In: Chemistry
A 10.0 g piece of pure aluminum is placed in 75.0 mL of 0.54 M hydrochloric acid at STP condition. They react as follows: 2Al + 6HCl → 3H2(g) + 2AlCl3 Calculate the following:
a. Volume, in liters, of hydrogen gas.
b. Molarity of Al+3. (Assume 75.0 mL solution.)
c.
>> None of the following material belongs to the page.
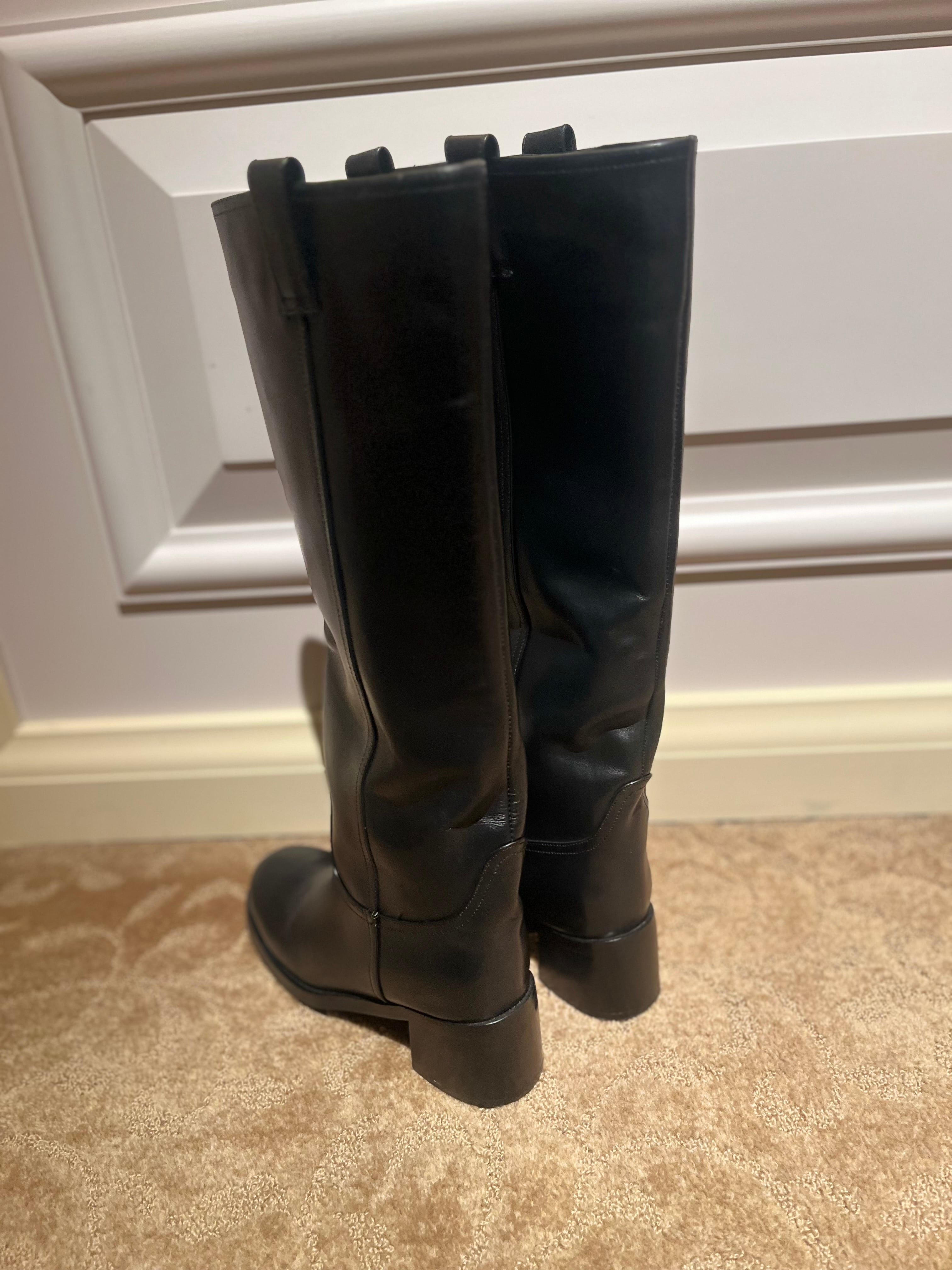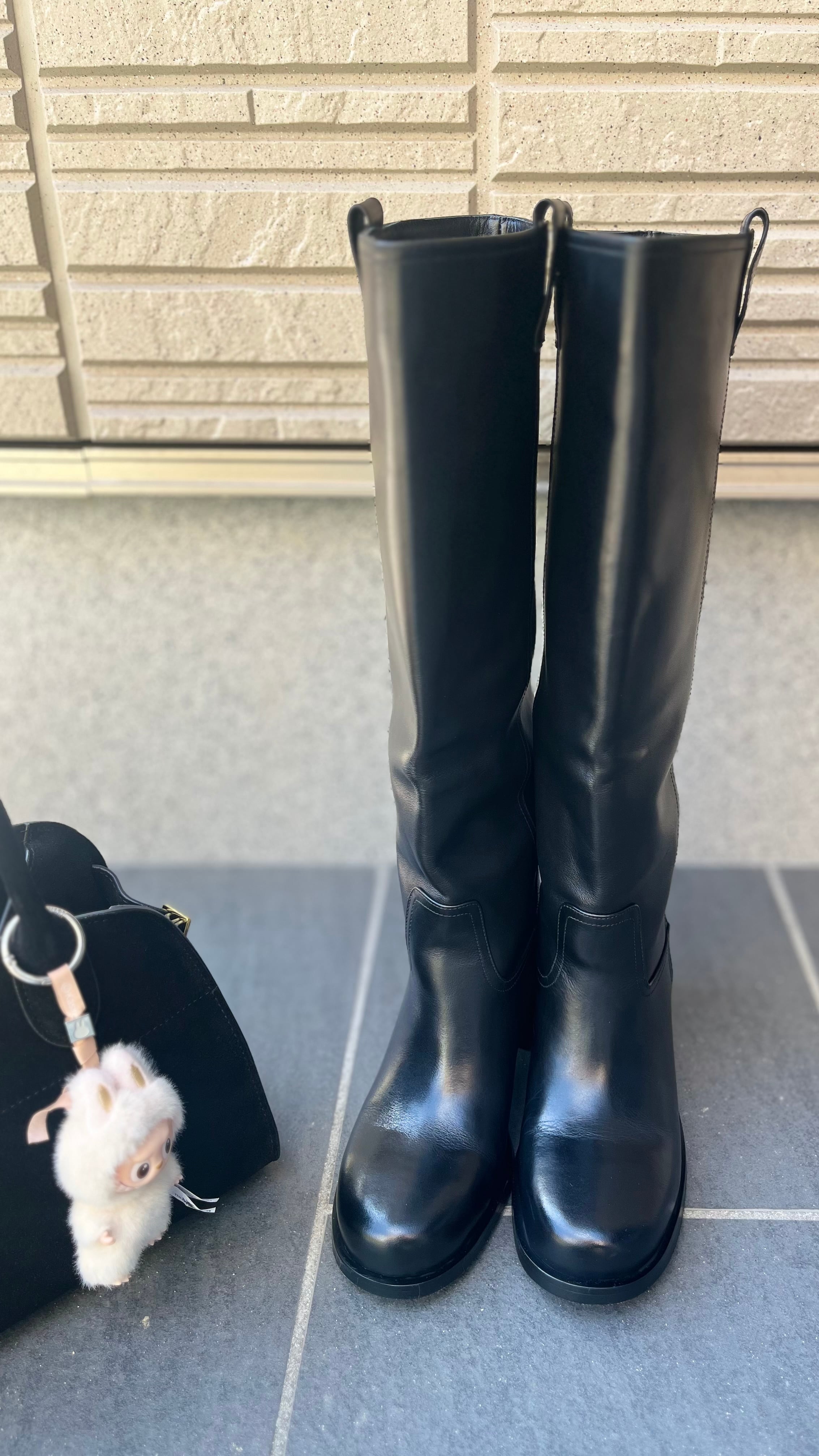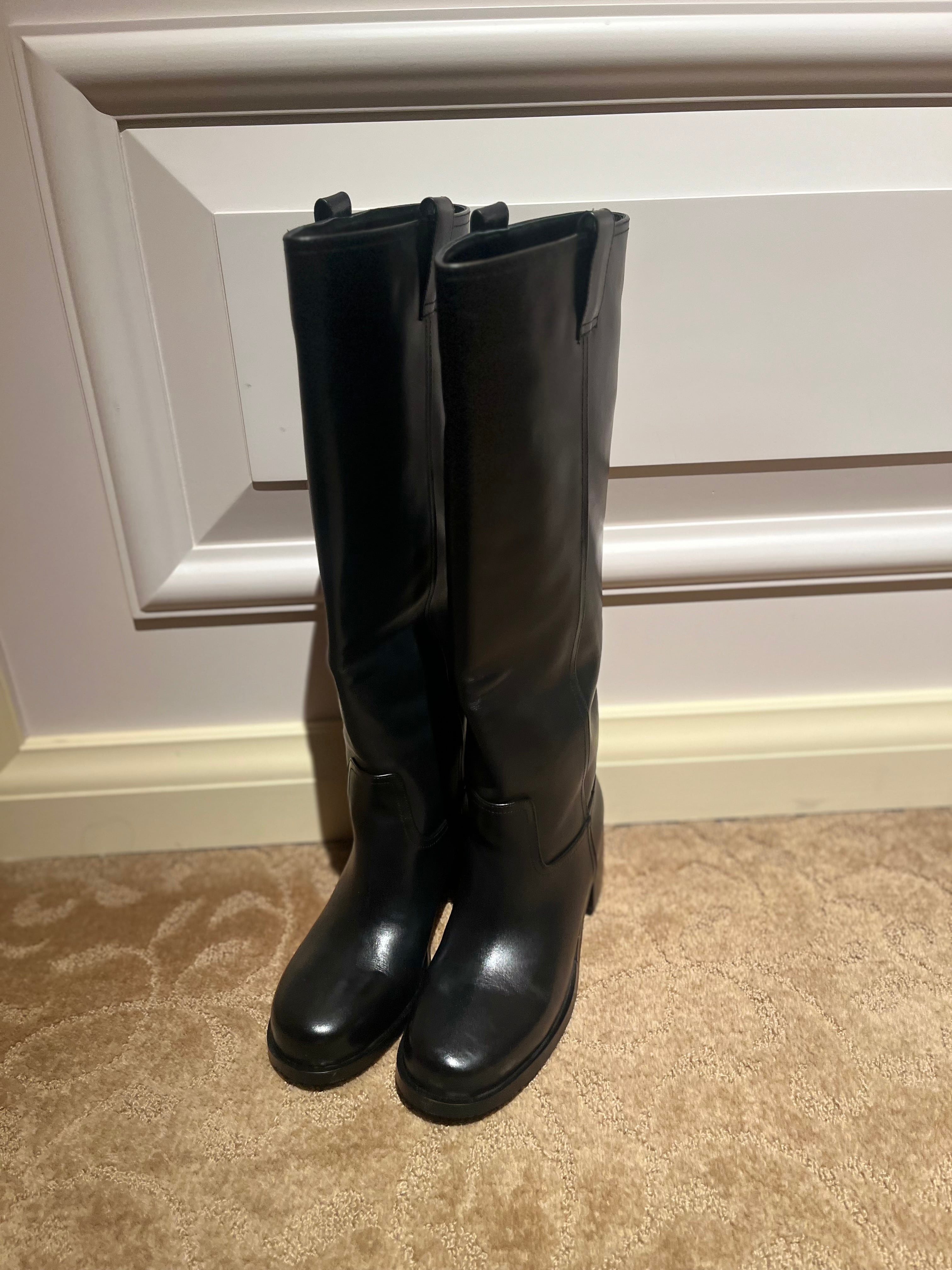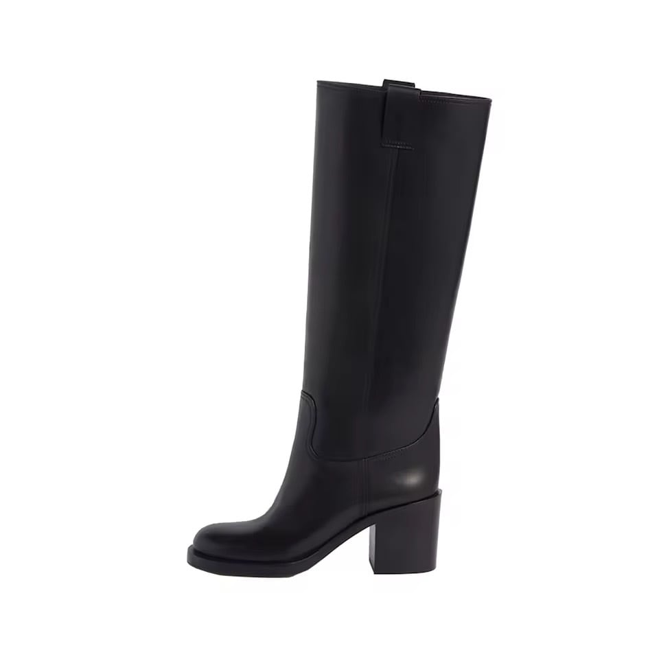 本革ラウンドロングブーツ

Molarity of Cl–. (Assume 75.0 mL solution.)
Answer – We are given, mass of Al = 10.0 g
Molarity of HCl = 0.54 M, volum e of HCl = 75.0 mL
Reaction – 2Al + 6HCl ------> 3H2(g) + 2AlCl3
Now first we need to calculate the moles of each reactant –
Moles of Al = 10.0 g / 26.982 g.mol-1
= 0.371 moles
Moles of HCl = 0.54 M * 0.075 L
= 0.0405 moles
Now we need to find out limiting reactant
Moles of H2 from the Al
From the balanced equation –
2 moles of Al = 3 moles of H2
So, 0.371 moles of Al = ?
= 0.556 moles H2
Moles of H2 from the HCl
From the balanced equation –
6 moles of HCl = 3 moles of H2
So, 0.0405 moles of HCl = ?
= 0.0203 moles H2
So the moles of H2 got lowest from the HCl, so limiting reactant is HCl.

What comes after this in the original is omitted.